Zakończyć rok niespodzianką. Na Exbud Arenę przyjeżdża Pogoń Szczecin
W 18. kolejce PKO BP Ekstraklasy Korona Kielce zagra na własnym stadionie z Pogonią Szczecin. „Żółto-czerwoni” będą chcieli udanie zakończyć 2024 rok.
Najbliższym rywalem Korony będzie zajmująca 8. miejsce w ligowej tabeli Pogoń Szczecin. „Portowcy” prowadzeni przez byłego zawodnika kieleckiego klubu Roberta Kolendowicza, mają w dorobku 26 punktów i tracą osiem oczek do podium.
W minioną środę awansowali do ćwierćfinału Pucharu Polski po wyeliminowaniu KGHM Zagłębia Lubin (o czym więcej TUTAJ).
– To bardzo mocny zespół. Rzeczywiście te mecze wyjazdowe w pierwszej części sezonu im nie wychodziły, ale w Gdańsku (wygrana 3:0 - przyp. red.) pokazali dużą siłę i swoją moc.
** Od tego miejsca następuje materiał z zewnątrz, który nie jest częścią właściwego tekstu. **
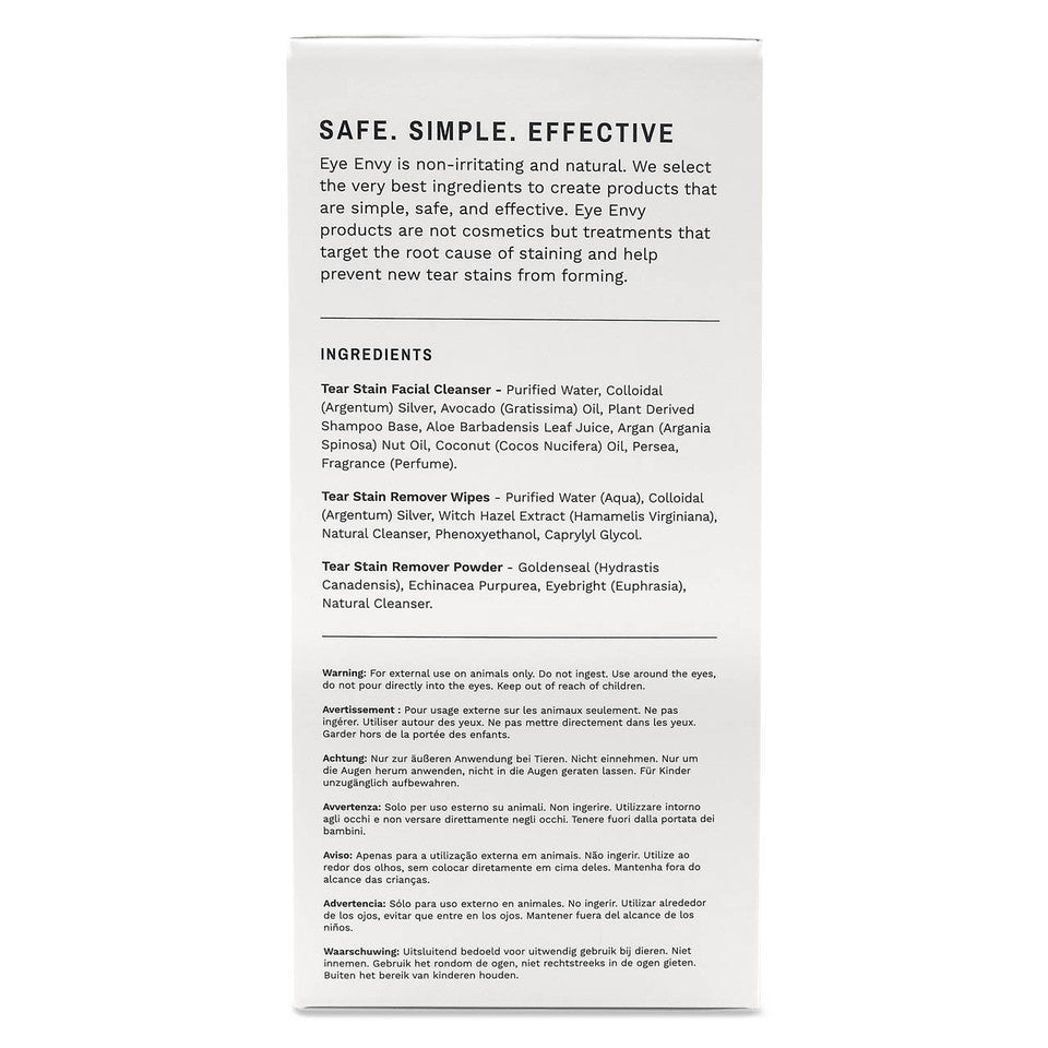 El Kit de Inicio Eye Envy® Tear Stain Remover es el mejor aliado para mantener los ojos de tu perro limpios y libres de manchas en solo 7 días, sin antibióticos ni productos agresivos. Su sistema de 3 pasos elimina eficazmente las manchas y previene su reaparición.
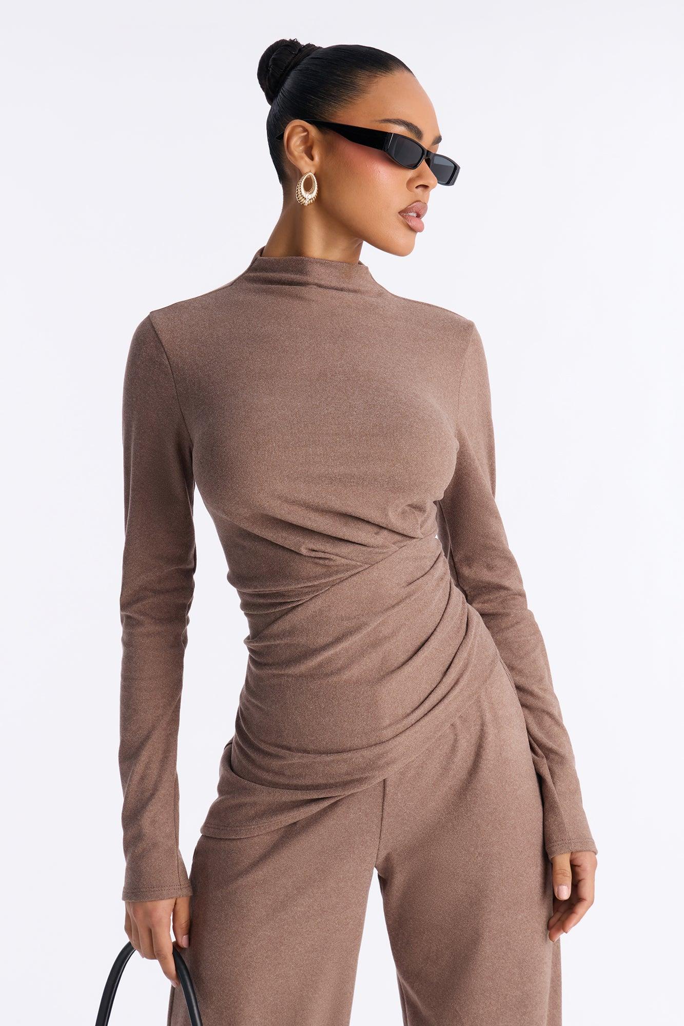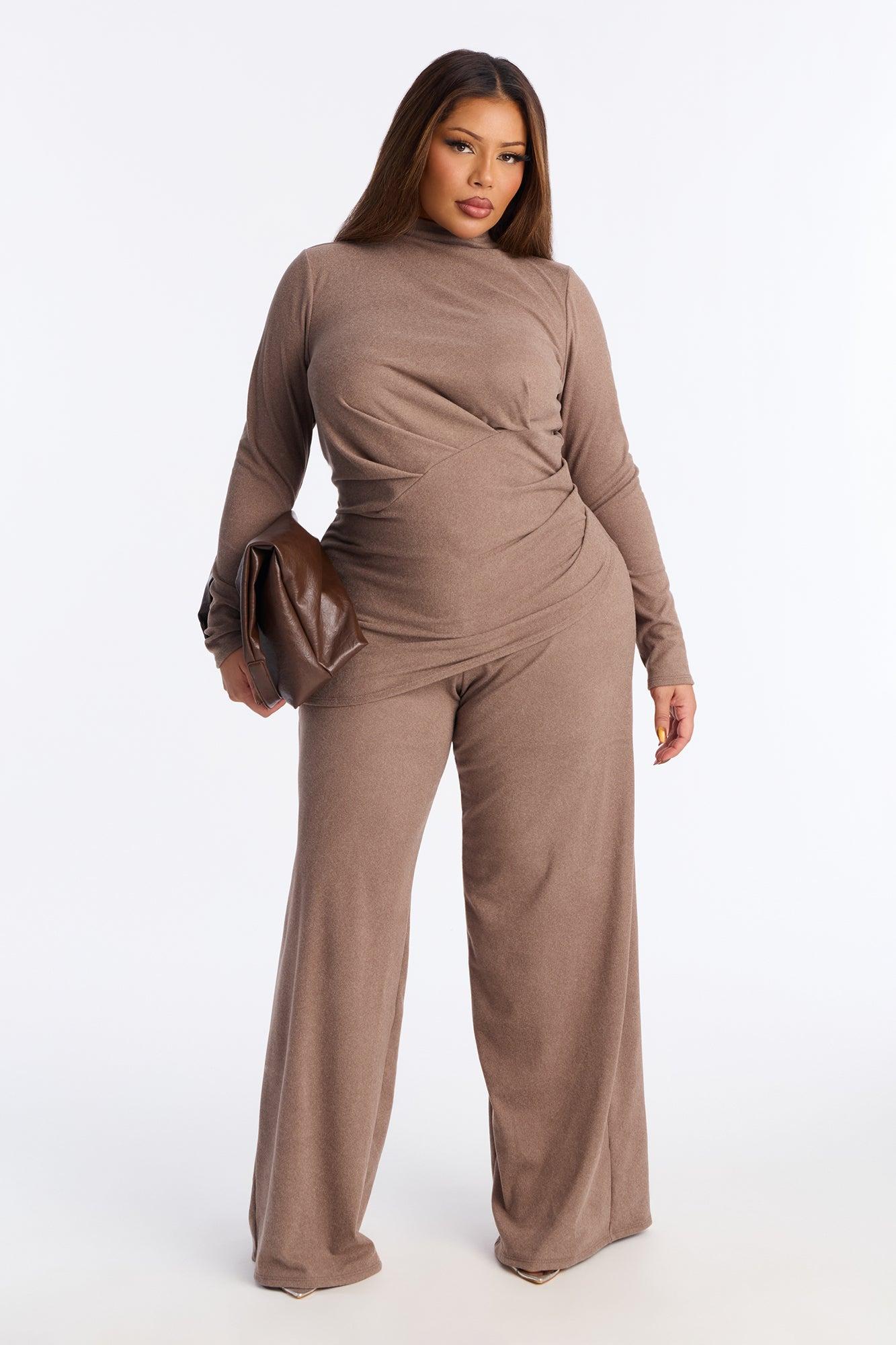 Rosie Brushed Knit High Neck Pant Set - Brown Female

Te spotkania z Jagiellonią i Zagłębiem, jeśli ktoś analizuje, to pokazuje, jaką mają siłę w ofensywie. „Portowcy” są w niej bardzo mocni, Gorgon, Grosicki, Koulouris, Biczachczjan. Mają zbilansowaną linię tych trzech pomocników. Zdajemy sobie sprawę, że trafiamy na zespół, który będzie chciał walczyć o europejskie puchary. Natomiast my też mamy swoje marzenia, zamierzenia i jesteśmy w ciężkiej sytuacji. Dla nas ten pojedynek jawi się jako kluczowy, bo zagramy w nim o spokojną zimę. Zrobimy wszystko, żeby tak jak po Widzewie, w szatni panowała radość – powiedział przed spotkaniem Jacek Zieliński, trener „żółto-czerwonych”.
W poniedziałkowym pojedynku z powodu nadmiaru żółtych kartek nie wystąpią dwaj kluczowi gracze kieleckiego zespołu Pau Resta oraz Yoav Hofmeister (więcej o sytuacji kadrowej TUTAJ).
Jaki jest plan na ich zastąpienie? – Pomysłów jest wiele. My mamy swoje, wy (dziennikarze - przyp.red.) swoje. Myślimy nad tym zestawieniem. Wojtek Kamiński jest jednym z wyborów. Ostatnio mniej grywał, ponieważ przegrywał rywalizację. Na każdego jednak przyjdzie pora – wskazał szkoleniowiec.
W barwach „Portowców” w przeszłości występował Bartłomiej Smolarczyk. Jeśli 21-latek zagra w poniedziałkowym (9 grudnia) spotkaniu to zadebiutuje na boiskach PKO BP Ekstraklasy.
– Mam nadzieję, że o sobie przypomnę w pozytywnym tego słowa znaczeniu. Ja wspominam ten czas w Pogoni bardzo dobrze i mam tam też dużo znajomych chłopaków. To będzie dla mnie taki fajny powrót, ale ja się skupiam na jak najlepszym wykonaniu swojej roboty. Wiadomo, że te smaczki dodatkowe są większe i ważniejsze dla dziennikarzy, a ja się skupiam na tym, aby dobrze zagrać – skwitował stoper.
Sędzią pojedynku będzie Piotr Lasyk z Bytomia. 45-latkowi podczas najbliższej potyczki pomagać będą jego asystenci Arkadiusz Kamil Wójcik i Sławomir Kowalewski. Sędzią technicznym będzie zaś Damian Gawęcki. Na wozie VAR zasiądą z kolei Damian Sylwestrzak oraz Paweł Sokolnicki.
W sumie „Koroniarze” z „Portowcami” zagrają po raz dwudziesty siódmy w historii. Do tej pory kielczanie sięgali po trzy punkty czterokrotnie, zanotowali jedenaście remisów oraz ponieśli jedenaście porażek. W stolicy regionu świętokrzyskiego rozegrano do tej pory dwanaście starć, z których trzykrotnie zwycięsko wychodzili zarówno gospodarze jak i przyjezdni, a sześciokrotnie padł remis.
Poniedziałkowy (9 grudnia) mecz Korona – Pogoń rozpocznie się o godzinie 19.00.